No-one sensibly suggests dismantling the law of defamation every time a defamation plaintiff loses, or suggests tearing up the law of torts every time a personal injury plaintiff is unsuccessful. For the same reason, it is hard to see any sensible legal basis to suggest that the decision of the Federal Circuit Court last Friday should affect anyone other than the parties to the claim. If only the ability to distinguish “sensible legal basis” from “nonsense” was a precondition to publishing on the topic of section 18C . . .

Thursday, 21 April 2016

Then Australian Attorney-General George Brandis in March 2015: "Media organisations are not the target of this law. The targets of this law are criminals and paedophiles and terrorists"*


The Australian federal police have admitted they sought access to a Guardian reporter’s metadata without a warrant in an attempt to hunt down his sources.
It is the first time the AFP has confirmed seeking access to a journalist’s metadata in a particular case.
The admission came to light when the AFP told the privacy commissioner it had sought “subscriber checks” and email records relating to the Guardian Australia journalist Paul Farrell, and the correspondence was sent to Farrell by the office of the Australian information commissioner……
The AFP’s submission said: “You will see that exemptions have been claimed under s47E(d) and s37(2)(b) on some folios. These exemptions primarily relate to e-mail and other subscriber checks relating to Mr Farrell, and examination of meta data associated with some electronic files.”  [The Guardian, 14 April 2016]

At 11.35am AEST on 17 April 2014 The Guardian published journalist Paul Farrell’s article Australian ship went far deeper into Indonesian waters than disclosed with this map:


And this observation:

The redacted version of the classified report, obtained by the Australian Associated Press under freedom of information laws, said: “Entry to Indonesian waters was inadvertent, arising from miscalculation of the maritime boundaries, in that the calculation did not take into account archipelagic baselines.”

Crucially, the report adds: “Territorial seas declared by foreign nations are generally not depicted on Australian hydrographic charts.”

But the digital map from the vessel casts doubt on these findings, and clearly shows the Australian ship crossing the red line that marks the point of Indonesia’s baselines and entering its waters past the headlands near Pelabuhan Ratu bay. Indonesia’s territorial seas are 12 nautical miles further out from where the baselines are marked in red. It is not known whether the digital mapping device was operational at the time the Ocean Protector entered Indonesian waters.

If he wasn’t a blip on the Australian Federal Police radar before the publication date of that article, Paul Farrell was from then on.
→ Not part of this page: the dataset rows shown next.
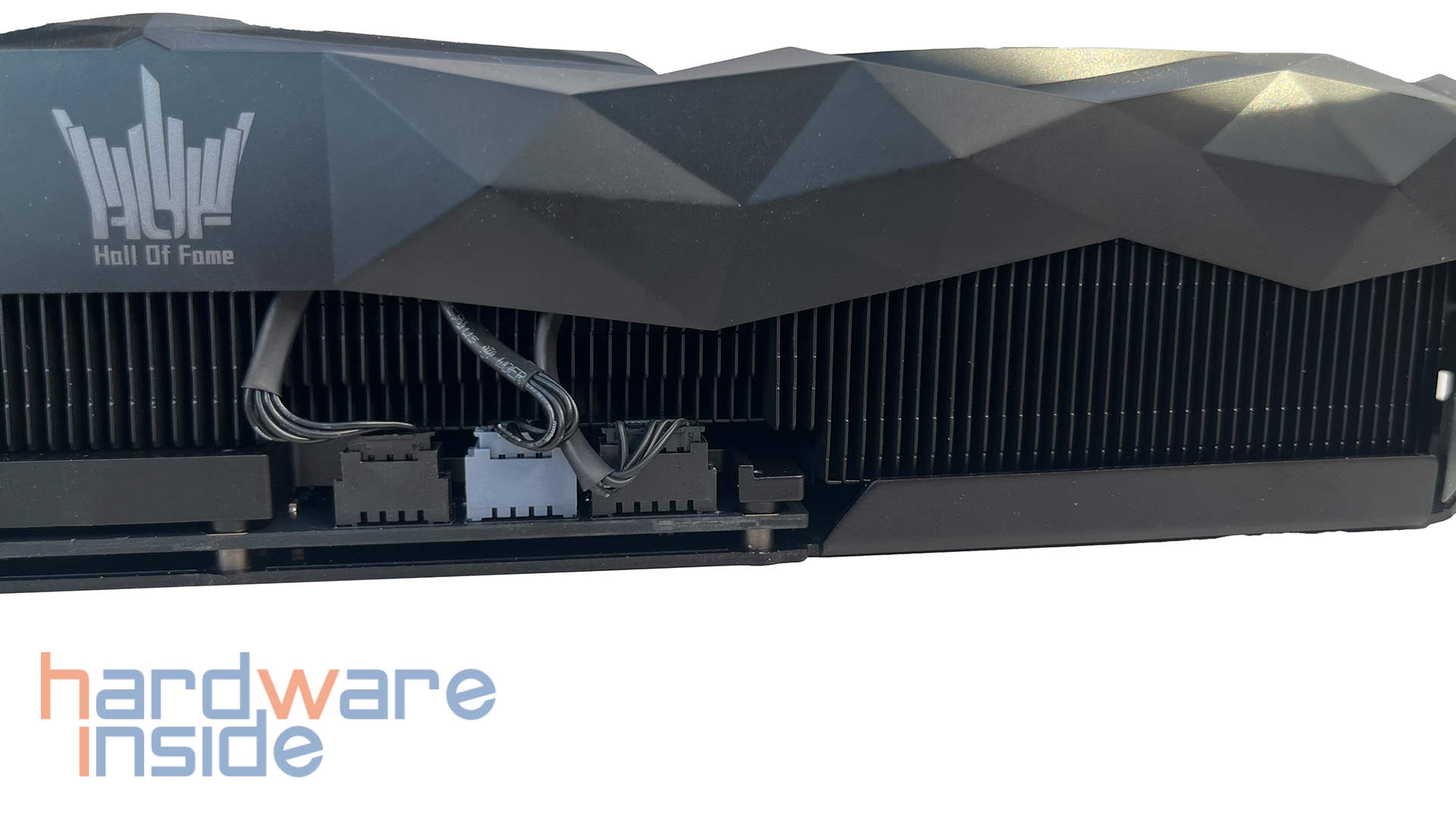 Ein Blick auf die Stromversorgung verrät sofort, dass KFA2 die Hall of Fame Black Edition nicht für Durchschnittsnutzer, sondern für Enthusiasten entwickelt hat. Der Anschluss erfolgt über den modernen 16-Pin PCIe-Gen5-Stecker, der eine saubere und stabile Stromzufuhr sicherstellt. Aber keine Sorge, falls eurer Netzteil dieses Format noch nicht unterstützt, liegt ein 16-Pin auf 3×8 Pin im Lieferumfang mit bei.
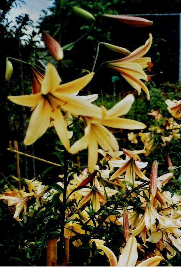Abstammung:L. davidii var. willmottiae x L. pumilumBeschreibung:Yellow-Orange 18C with margins Orange 24D, throat 18B, outside 18C with purple overlay on midribs; few small Greyed-Purple spots over 2/3 of petal; nectaries white; pollen Greyed-Orange 172A. Petals 52 x 20mm, not ruffled, strongly recurved. Fls 60mm wide. Lvs alternate, 74 x 3mm, dark green. Stems 0.8m, purple, with c 10 fls. June.
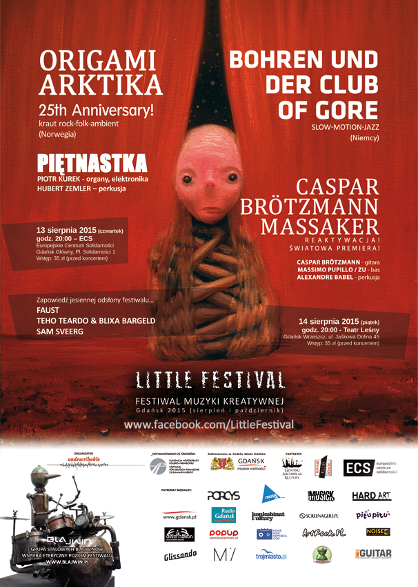 LITTLE FESTIVAL – festiwal muzyki kreatywnej - Gdańsk 2015 ORGANIZATOR: - undescribable DOFINANSOWANO ZE ŚRODKÓW: - Miasta Gdańska - Fundacji Współpracy Polsko-Niemieckiej PARTNERZY: - ECS-Europejskie Centrum Solidarności - Gdański Archipelag Kultury / Klub Winda PATRONAT MEDIALNY: - trojmiasto.pl, gdansk.pl, M/I kwartalnik muzyczny, Glissando, Noise Magazine, Hard Art, Top Guitar, Musick Magazine, musicis.pl, Porcys.com, ArtRock.pl, popupmusic.pl, Noweidzieodmorza.com, PituPitu.pl, screenagers.pl, AlterNation.pl, Konkubinat Kultury, Radio Gdańsk, Rock Serwis FM
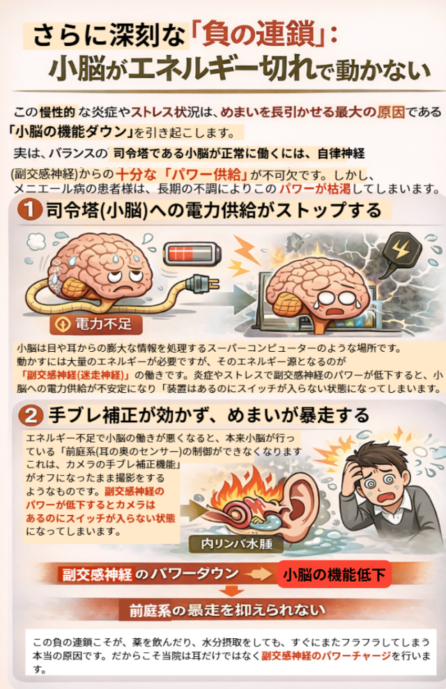 この慢性的な炎症やストレス状況は、めまいを長引かせる最大の原因である**「小脳の機能ダウン」**を引き起こします。
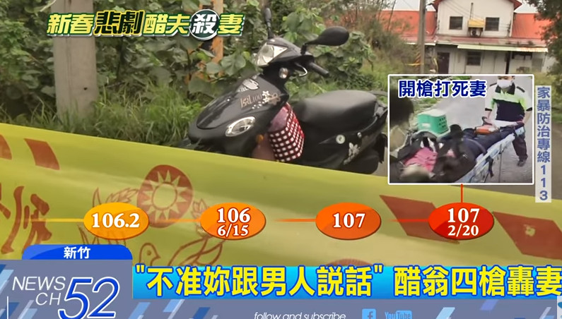 新竹市香山區一名70歲的林駱姓(複姓)老翁,長年懷疑68歲的張姓妻子外遇,昨(20)日下午在對方工作的米粉休閒工廠外埋伏,見女方下搬後就開槍射殺,自己則逃到公墓旁企圖喝農藥輕生,最終於今(21)日下午2點50分不治死亡。據悉,林駱翁有家暴前科,常常對女方惡言相向,甚至還試圖開車衝撞老婆,雖然女方已申請報護令,但還是無法阻止憾事發生。
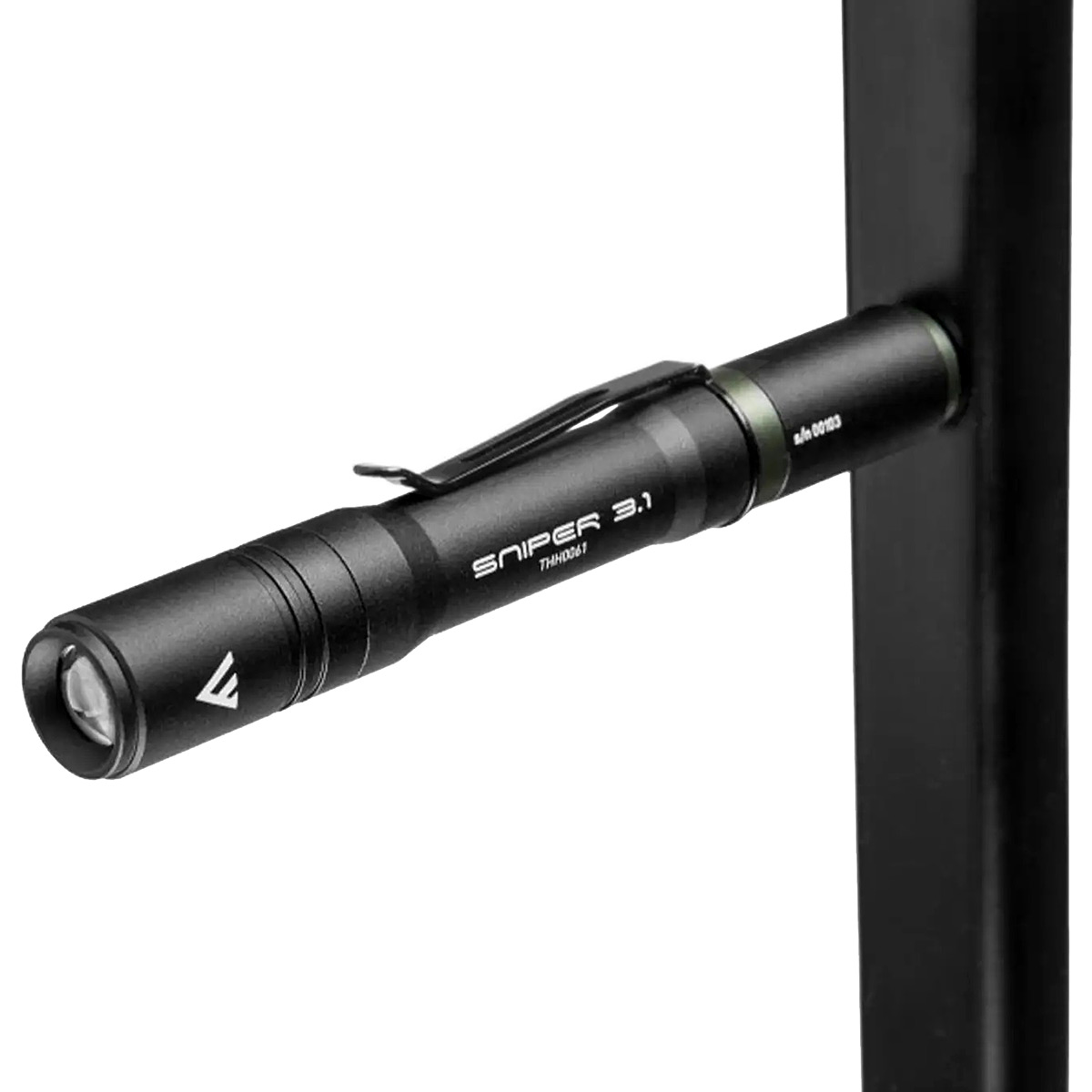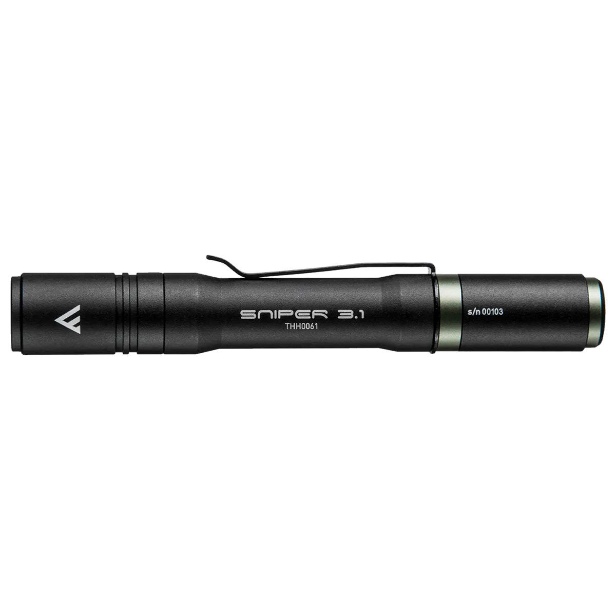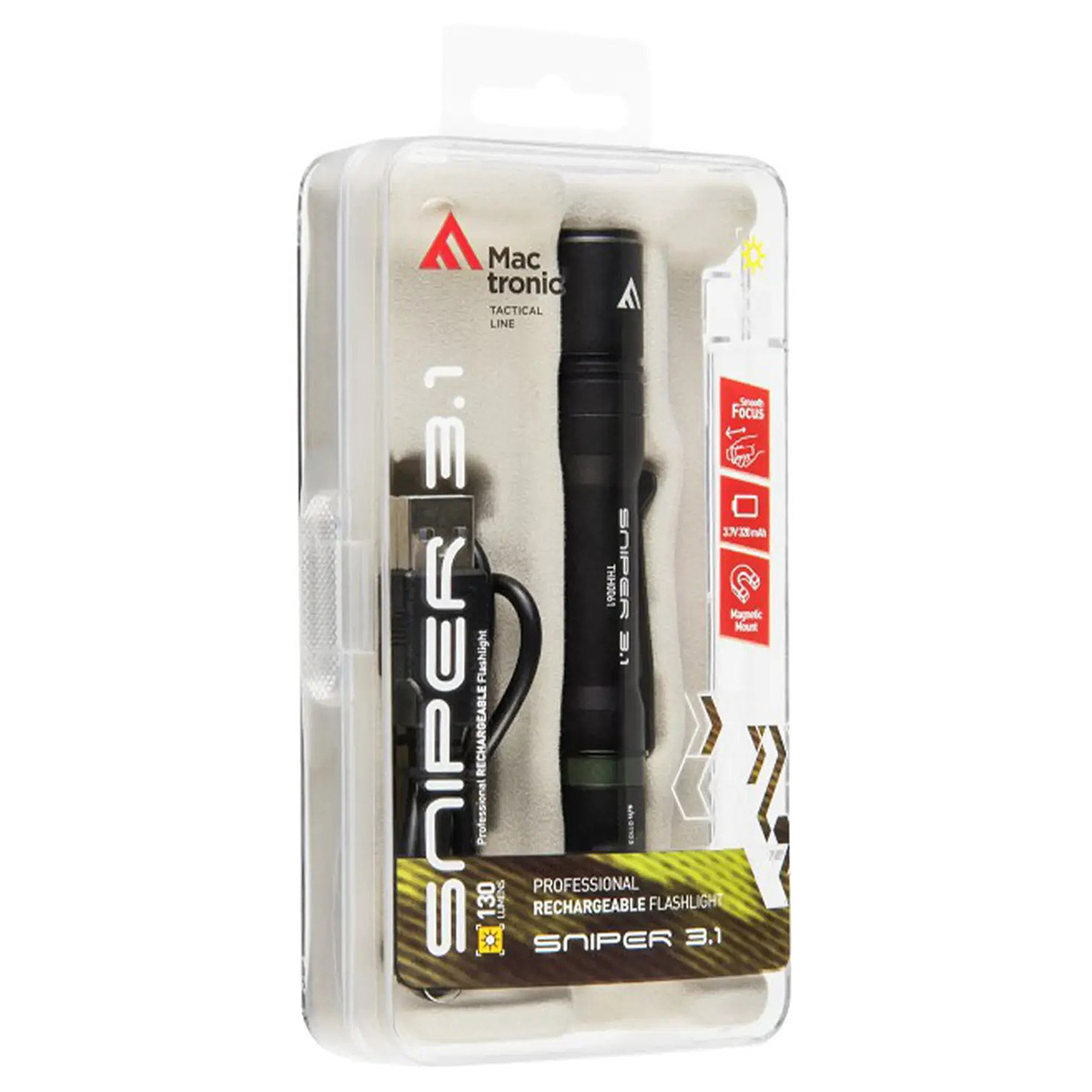 Mactronic Sniper 3.1 (130 Лм) — компактний та надійний ліхтар, який відмінно підходить для вирішення тактичних завдань військовими і спецпідрозділами, туризму, ремонтних майстерень, перевірки документів тощо. Прилад оснащений висувною лінзою (система фокусування) для ручного регулювання кута променя від вузького до широкого, що безпосередньо впливає на дальність світлового потоку. Завдяки цьому дана модель однаково добре впорається з освітленням території на відстані до 37 метрів та поруч із користувачем.

However, it is unclear if the initial request to investigate this journalist came from the then Minister for Immigration and Border Protection, Scott Morrison, his department or some other individual or agency.

Although what appears to be Folio 3 of an est. 200 pages in Case No.5610147 seems to suggest that Customs (now called Border Force) may have been the complainant of record by May 2014 and the media finger points to the head of Australian Customs and Border Protection Services, Michael Pezzullo.

On 12 Febraury2016 Farrell stated of this investigation:

The files are made up of operational centre meeting minutes, file notes, interview records and a plan for an investigation the AFP undertook into one of my stories. Most concerning is what appears to be a list of suspects the AFP drew up, along with possible offences they believe they may have committed.
The documents show that during the course of an investigation into my sources for a story I had written, an AFP officer logged more than 800 electronic updates on the investigation file.

Farrell is not the only journalist whose metadata has been accessed in search of sources, but the Australian Federal Police insists that it has not accessed any journalist’s metadata for the last six months – the last time being in 13 October 2015.